Autre question : avec l’Assemblée version 2022, le pays sera-t-il vraiment bloqué, comme l’affirme une des figures de LFI, François Ruffin ? Avec cette configuration d’une majorité relative pour soutenir le Président de la République, la France retomberait dans les affres et les tourments de la 4ème République (1946- 1959).

Des historiens rappellent que, durant cette période, vingt-cinq gouvernements se sont succédés en douze ans ! Le plus long a été en place pendant 13 mois (gouvernement Henri Queuille, 11 septembre 1948-6 octobre 1949) et le plus court, 2 jours (Robert Schumann 2, 5-7 septembre 1948, et Henri Queuille 2, 2-4 juillet 1950). A l’époque, le Président du Conseil des ministres était proposé par le Président de la République au Parlement qui élisait le chef du gouvernement… Aucun parti n’ayant la majorité, ce n’était alors que tractations, négociations, magouilles et carabistouilles. De nombreux observateurs de la chose publique assurent, depuis le 19 juin au soir, que ce spectacle pitoyable pourrait bien être le quotidien de la politique française. Sauf si…

Le président Macron raccompagne, son ancien Premier ministre, Edouard Philippe, après l'entretien. AFP

Le président Macron s’est également entretenu avec son ancien Premier ministre, Edouard Philippe, leader du parti Horizon!

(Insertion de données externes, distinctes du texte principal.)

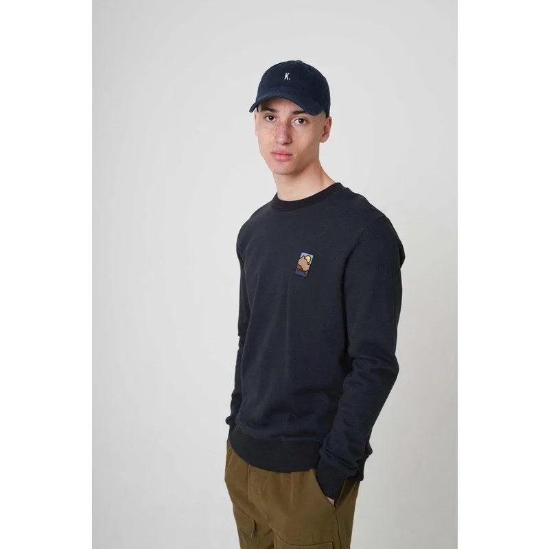 Sweater van Kultivate met een opdruk van een berg op borsthoogte en de rug. Dit model heeft lange mouwen en een ronde hals. De sweater is afgewerkt met ribgebreide boorden. Machinewas 30°c, Niet bleken, Niet in de droger, Niet stomen, Warm strijken max 150°c

Derniers jours de la présidence française de l’Europe

Après ces deux jours de consultations et une intense séquence politique franco-française, Emmanuel Macron va se consacrer à l’international. L’Union européenne (la France assure la présidence du Conseil de l’UE jusqu’à ce 30 juin), le G7, la guerre en Ukraine vont prendre l’essentiel du temps et de l’activité présidentiels.

Il prend le pari de « donner du temps au temps », une formule chérie par François Mitterrand, et a demandé à Elisabeth Borne et à son gouvernement de faire le travail (et aussi de le faire savoir !). Ainsi, sur l’agenda de la Première ministre, figurent, pour la semaine prochaine, un rendez-vous à l’Assemblée Nationale avec les chefs de partis d’Ensemble !, puis le discours de politique générale le 5 juillet et la proposition de loi sur le pouvoir d’achat.

Selon un proche, Emmanuel Macron aime prendre son temps avant de décider quoi que ce soit… Il est persuadé que l’été et la période des vacances vont apaiser la situation. Alors, rendez-vous en septembre ? Avec Macron, Machiavel n’est jamais loin.